И префект, бросив прямо на пол изжеванный окурок сигары, сказал в заключение:

– Как видите, дорогой Гитрель, ваши дела плохи.

Господин Гитрель пробормотал:

– Я не вижу, господин префект, я не понимаю, почему эти слова могли произвести на вас впечатление… неудачи. Я черпаю в них, напротив… надежду.

Префект закурил новую сигару и сказал, смеясь:

– Кто знает, может быть, в министерстве и правы? Но будьте покойны, дорогой аббат, я вас не оставлю. Посмотрим, кто за нас?

Он вытянул левую руку, чтобы сосчитать по пальцам.

И они вдвоем стали прикидывать.

Насчитали одного сенатора из их департамента, который начинал выпутываться из затруднений, созданных последними скандалами, одного генерала в отставке, политика, публициста и финансиста, экбатанского епископа, довольно известного в художественном мире, и Теофиля Майера, друга министров.

– Но, дорогой Гитрель, за вас один сброд,– воскликнул префект.

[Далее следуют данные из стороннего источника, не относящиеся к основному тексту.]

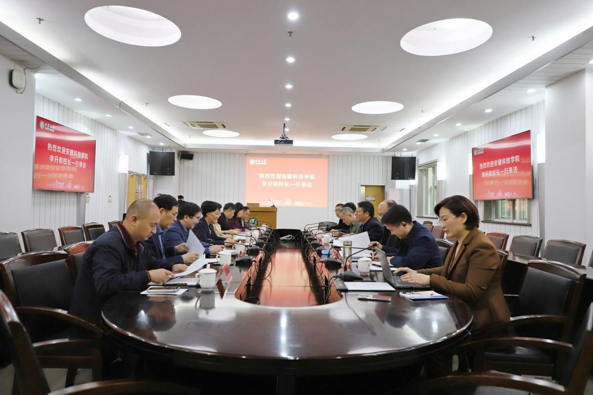 10月30日,安徽科技學院校長李升和、副校長王孝義一行來校調研,校長邢衛紅接待來訪一行。

Аббат Гитрель переносил подобные выходки, но не любил их. Он посмотрел на префекта с огорченным видом и крепко сжал свои тонкие губы. Г-н Вормс-Клавлен, по натуре человек не злой, пожалел о вырвавшихся у него словах и попробовал утешить аббата:

– Ну, ну! Не такие уж это плохие ходатаи. Да и жена моя за вас. А Ноэми хоть кого сделает епископом.

ИВОВЫЙ МАНЕКЕН

Перевод И. С. Татариновой под редакцией В. А. Дынник

I

Господин Бержере, преподаватель филологического факультета, готовился у себя в кабинете к лекции о восьмой книге «Энеиды» под резкие звуки пианино, на котором его дочери барабанили за стеной трудные упражнения. В кабинете г-на Бержере было всего одно окно, правда широкое, венецианское, но оно упиралось в высокую стену напротив, и толк от него был небольшой; рамы были плохо пригнаны, от окна дуло, а света оно давало мало. На письменный стол, придвинутый к окну, падал скупой отраженный свет. Собственно говоря, кабинет, в котором профессор оттачивал свою тонкую гуманистическую мысль, был просто неприглядным закоулком, или, скорее, двумя закоулками, разделенными пролетом большой лестницы, круглый выступ которой нагло вторгался в комнату, выпирая чуть не к самому окну и оставляя справа и слева два каких-то несуразных и уродливых тупика. Этот выпяченный каменный живот, прикрытый зелеными обоями, занимал столько места в неприветливой, не отвечающей требованиям геометрии и разумного вкуса комнате, что г-н Бержере с трудом отыскал узенький, ровный простенок, куда могли бы уставиться простые книжные полки, на которых в постоянном полумраке терялся желтый ряд тейбнеровских {87} изданий. Сам же г-н Бержере ютился у окна, там он писал, чувствуя, как эта неприязненная обстановка замораживает слог, и благодарил судьбу, когда рукописи его не были перерыты и изорваны, а перья не разевали сломанных клювов. Таковы были обычно результаты нашествий на его кабинет г-жи Бержере, которая приходила туда записывать белье и расходы. Сюда же в кабинет она поместила и манекен, на котором примеряла юбки собственной работы. Так и стоял он тут, рядом с научными изданиями Катулла {88} и Петрония {89}, этот ивовый манекен, символ супружеской жизни.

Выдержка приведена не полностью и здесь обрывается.